Description
Unlock the secret to perfectly chewy, deliciously crispy mochi doughnuts at home. This simple recipe guides you to create irresistible treats that rival your favorite bakery.
Ingredients
- 1 ½ cups (180g) Glutinous Rice Flour (Mochiko)
- ½ cup (60g) Tapioca Starch
- ¼ cup (50g) Granulated Sugar
- 1 teaspoon Baking Powder
- ½ cup (120g) Silken or Soft Tofu, mashed smooth
- ⅔ cup (160ml) Milk (dairy or non-dairy)
- Neutral Oil for frying (e.g., vegetable, canola, or grapeseed)
- For Glaze (Optional):
- 1 cup (120g) Powdered Sugar
- 2–3 tablespoons Milk (or water, lemon juice, matcha powder, cocoa powder)
Instructions
- Prepare the Dry Ingredients: In a large bowl, whisk together the glutinous rice flour, tapioca starch, granulated sugar, and baking powder.
- Add Wet Ingredients: In a separate bowl, thoroughly mash the silken tofu until completely smooth. Add the mashed tofu and milk to the dry ingredients.
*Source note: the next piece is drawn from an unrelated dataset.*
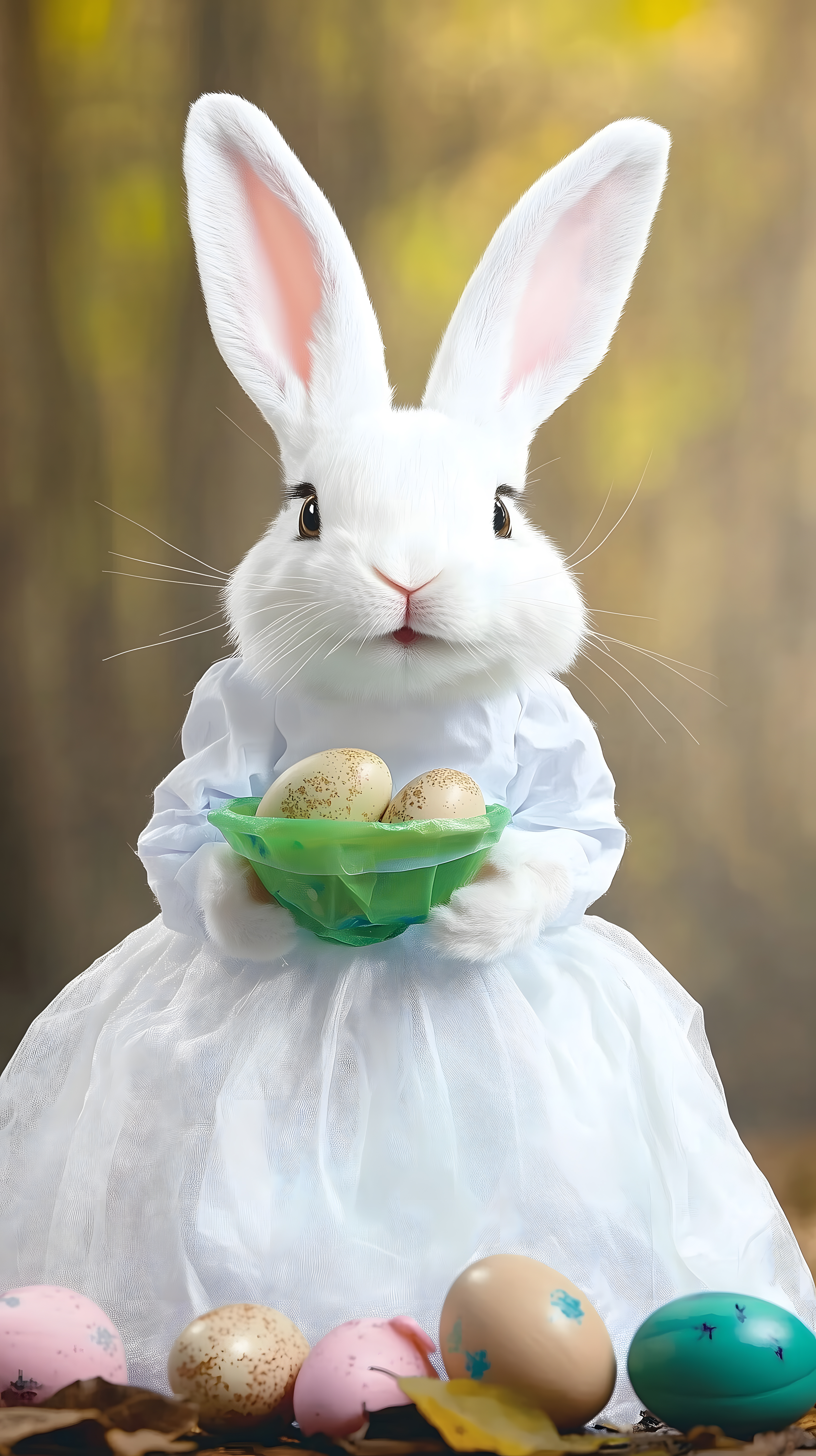 Dieses Foto zeigt einen weißen Osterhasen, der in einem weißen Kleid mit einem Osterkorb voller bunter Eier steht. Der Hase befindet sich inmitten einer natürlichen Umgebung mit unscharfem, verschwommenem Hintergrund, was den Blick auf das Motiv lenkt. Die Komposition und Farbpalette machen das Bild zu einem stimmungsvollen und kreativen Ostermotiv, das sich hervorragend für die Verwendung in Blogbeiträgen, Newslettern, auf Social-Media-Kanälen oder in Werbematerialien rund um Ostern eignet. Dieses hochauflösende Stockfoto steht unter einer Creative-Commons-Lizenz für kostenlose Nutzung zur Verfügung.

Mix with a spatula or your hands until a soft, slightly sticky dough forms.
- Shape the Doughnuts: Lightly dust your work surface with a little extra glutinous rice flour. Take about 1.5 tablespoons of dough, roll it into a 3-4 inch rope, and connect the ends to form a ring. Alternatively, form 6-8 small balls and arrange them in a circle, gently pressing together. Repeat with remaining dough.
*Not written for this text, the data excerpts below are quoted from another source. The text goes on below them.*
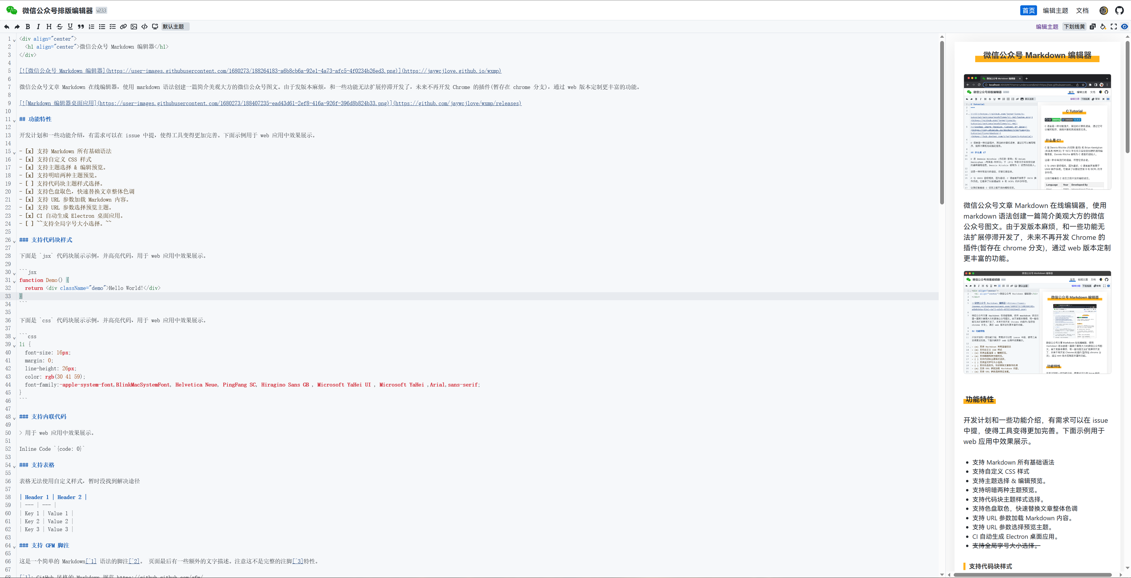左边为编辑区,右边为所见即所得的预览区。编辑区的功能蛮多的常用的都有,而预览区则是可以实时预览你编辑的内容,且可以通过css来设置不同样式。
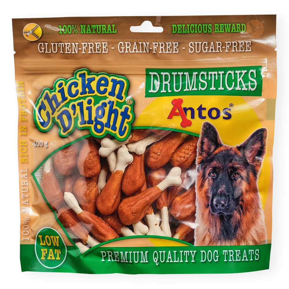 - Great-tasting and naturally delicious, our Chicken D’light Drumsticks have earned the loyalty of so many dogs. The treats are made of calcium bones wrapped in chicken meat.
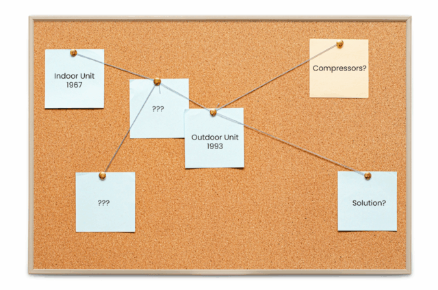 The indoor unit dated back to the 1960s, while the outdoor unit was replaced in the 1990s. Other contractors had assumed it was an unusual design with the compressors inside — and that the entire system needed to be rebuilt from the ground up.
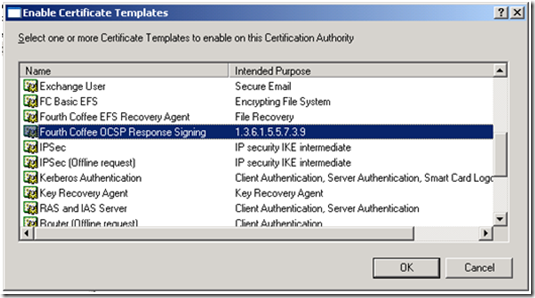 If you plan on using a Windows Server 2003 Enterprise CA to issue the OCSP Signing Certificate you will need to follow the instructions outlined in the previous section for enabling the use of custom extensions.

- Heat the Oil: Heat 2-3 inches of neutral oil in a heavy-bottomed pot to 325-340°F (160-170°C). Use a thermometer for accuracy.
- Fry the Doughnuts: Carefully lower 2-3 doughnuts into the hot oil at a time. Fry for 2-3 minutes per side, or until golden brown and puffed. They should float.
- Drain and Glaze: Remove fried doughnuts with a slotted spoon and place them on a wire rack set over a baking sheet to drain excess oil. While still warm, dip or drizzle with your desired glaze. Serve immediately.